Pocos períodos de la historia resultan tan
fascinantes como aquel al que se ha llamado la «Era de los
Descubrimientos» y que abarca aproximadamente desde la segunda mitad del
siglo XV hasta la primera mitad del siglo XVIII, coincidiendo casi
plenamente con lo que en Historia se conoce como Edad Moderna. Se trata
de un período caracterizado, en efecto, por los descubrimientos
geográficos y los subsecuentes hallazgos científicos y culturales, y
animado por las descripciones literarias y plásticas de aquellos otros
mundos extraordinarios, en los que civilizaciones extrañas y animales
maravillosos coexistían en climas a veces crueles, a veces paradisíacos.
Aquella era fraguó el pleno sentido de lo exótico.
El estudio del mundo natural constituye un
capítulo crucial de esta fase histórica. Esos trescientos años que
vieron el desarrollo vertiginoso de la cartografía fueron testigos
también de una expansión de los conocimientos sobre la naturaleza que
llenó el arte de bestias y plantas desconocidas hasta entonces y
conllevó el perfeccionamiento en la representación de la anatomía humana
y animal. Esta sería la edad de oro de la fitología, marcada por la
propagación de especies exóticas en los jardines botánicos. Pero los
descubrimientos naturales más asombrosos derivarían del mundo fáunico.
El nuevo espíritu cientifista de la Edad Moderna
desterró la interpretación simbólica del mundo natural cultivada
durante el Medioevo.
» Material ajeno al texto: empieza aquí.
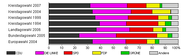 | Kreistagswahl 2007 | 33,7 | 31,9 | 28,8 | 14,7 | 10,4 | 1,7 | 12,6 | |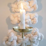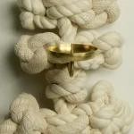 A candle sconce by WKND Lab constructed with cotton rope, viscose casing, and brass. The brass part is made by a metal turning master who worked as a technician for more than 45 years. The rope is developed especially for the piece by WKND Lab. The meaning behind it follows the same as the **Guidorae** and **Samjeongja** knot-making methods. Traditionally, the **Guidorae** symbolizes harmony and continuity, while the **Samjeongja** represents balance, strength, and stability. Together, these knots convey blessings of protection, connectedness, and well-being.

Plantas y animales comenzaron a ser observados y
retratados con un afán de objetividad que irá desplazando las
figuraciones fantasiosas a favor de la descripción rigurosa. No
obstante, el universo de los animales exóticos, el más fértil en
términos plásticos, esencial en la iconografía de la creación del mundo y
muy apropiado para adornar escenas mitológicas, todavía deparará
representaciones basadas en descripciones o en otras imágenes, dada la
dificultad para observar de forma directa determinadas especies.
El incremento de las incursiones europeas en
otros continentes ofreció la oportunidad de observar en vivo las
caprichosas bestias descritas con vehemencia por los viajeros de
centurias pasadas. En efecto, al comercio de piedras y metales
preciosos, de sedas, porcelanas y especias, se añadió el de esclavos y
especies exóticas, que pasaron a engrosar la lista de los bienes
suntuarios que justificaban aquellas arriesgadas travesías.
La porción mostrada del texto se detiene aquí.